[Problem description] In the records below, find every line with the word "your" and copy it.

[Records provided]
_ _ _ _ _

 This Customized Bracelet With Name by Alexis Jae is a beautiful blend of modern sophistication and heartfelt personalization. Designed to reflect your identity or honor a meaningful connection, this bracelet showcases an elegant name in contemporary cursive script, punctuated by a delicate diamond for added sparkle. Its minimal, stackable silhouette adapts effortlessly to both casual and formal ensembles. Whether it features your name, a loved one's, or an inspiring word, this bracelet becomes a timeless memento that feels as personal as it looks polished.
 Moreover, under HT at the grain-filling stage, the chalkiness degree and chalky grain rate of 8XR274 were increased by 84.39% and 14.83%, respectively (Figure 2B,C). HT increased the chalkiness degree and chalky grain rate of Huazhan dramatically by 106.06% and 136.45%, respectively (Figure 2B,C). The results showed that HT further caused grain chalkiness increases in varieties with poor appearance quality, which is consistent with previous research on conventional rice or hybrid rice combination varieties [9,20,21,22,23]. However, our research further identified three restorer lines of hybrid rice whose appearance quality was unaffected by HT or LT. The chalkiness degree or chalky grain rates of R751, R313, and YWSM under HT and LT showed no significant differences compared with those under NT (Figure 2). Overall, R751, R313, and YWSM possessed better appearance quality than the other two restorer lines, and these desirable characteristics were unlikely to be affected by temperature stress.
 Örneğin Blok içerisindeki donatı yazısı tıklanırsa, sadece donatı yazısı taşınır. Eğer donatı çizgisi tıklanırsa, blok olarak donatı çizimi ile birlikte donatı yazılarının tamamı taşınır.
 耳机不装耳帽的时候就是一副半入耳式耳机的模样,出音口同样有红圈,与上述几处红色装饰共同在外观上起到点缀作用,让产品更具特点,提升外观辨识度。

_ _ _ _ _

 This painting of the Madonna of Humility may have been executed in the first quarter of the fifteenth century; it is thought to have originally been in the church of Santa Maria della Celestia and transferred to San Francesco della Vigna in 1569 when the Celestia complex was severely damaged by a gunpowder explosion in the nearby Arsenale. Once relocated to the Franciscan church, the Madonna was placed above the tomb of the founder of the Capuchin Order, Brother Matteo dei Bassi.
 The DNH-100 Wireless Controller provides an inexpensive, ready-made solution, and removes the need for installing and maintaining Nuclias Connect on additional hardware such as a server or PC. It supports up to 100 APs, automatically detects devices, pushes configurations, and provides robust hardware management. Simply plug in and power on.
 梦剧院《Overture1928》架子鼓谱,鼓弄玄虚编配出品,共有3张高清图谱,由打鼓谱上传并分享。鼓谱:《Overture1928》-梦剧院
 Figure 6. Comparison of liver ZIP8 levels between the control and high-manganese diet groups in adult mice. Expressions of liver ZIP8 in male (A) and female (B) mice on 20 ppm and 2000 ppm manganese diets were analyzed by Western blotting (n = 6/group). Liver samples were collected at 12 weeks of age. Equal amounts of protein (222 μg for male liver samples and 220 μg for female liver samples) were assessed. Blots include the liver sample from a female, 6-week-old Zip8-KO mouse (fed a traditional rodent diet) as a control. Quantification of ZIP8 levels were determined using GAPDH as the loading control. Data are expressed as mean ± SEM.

_ _ _ _ _

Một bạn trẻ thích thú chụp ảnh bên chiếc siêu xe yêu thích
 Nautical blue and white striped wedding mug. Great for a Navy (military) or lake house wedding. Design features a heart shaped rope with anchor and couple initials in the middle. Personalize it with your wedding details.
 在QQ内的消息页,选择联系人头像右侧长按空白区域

_ _ _ _ _

[Output for this task]
 This Customized Bracelet With Name by Alexis Jae is a beautiful blend of modern sophistication and heartfelt personalization. Designed to reflect your identity or honor a meaningful connection, this bracelet showcases an elegant name in contemporary cursive script, punctuated by a delicate diamond for added sparkle. Its minimal, stackable silhouette adapts effortlessly to both casual and formal ensembles. Whether it features your name, a loved one's, or an inspiring word, this bracelet becomes a timeless memento that feels as personal as it looks polished.
 Nautical blue and white striped wedding mug. Great for a Navy (military) or lake house wedding. Design features a heart shaped rope with anchor and couple initials in the middle. Personalize it with your wedding details.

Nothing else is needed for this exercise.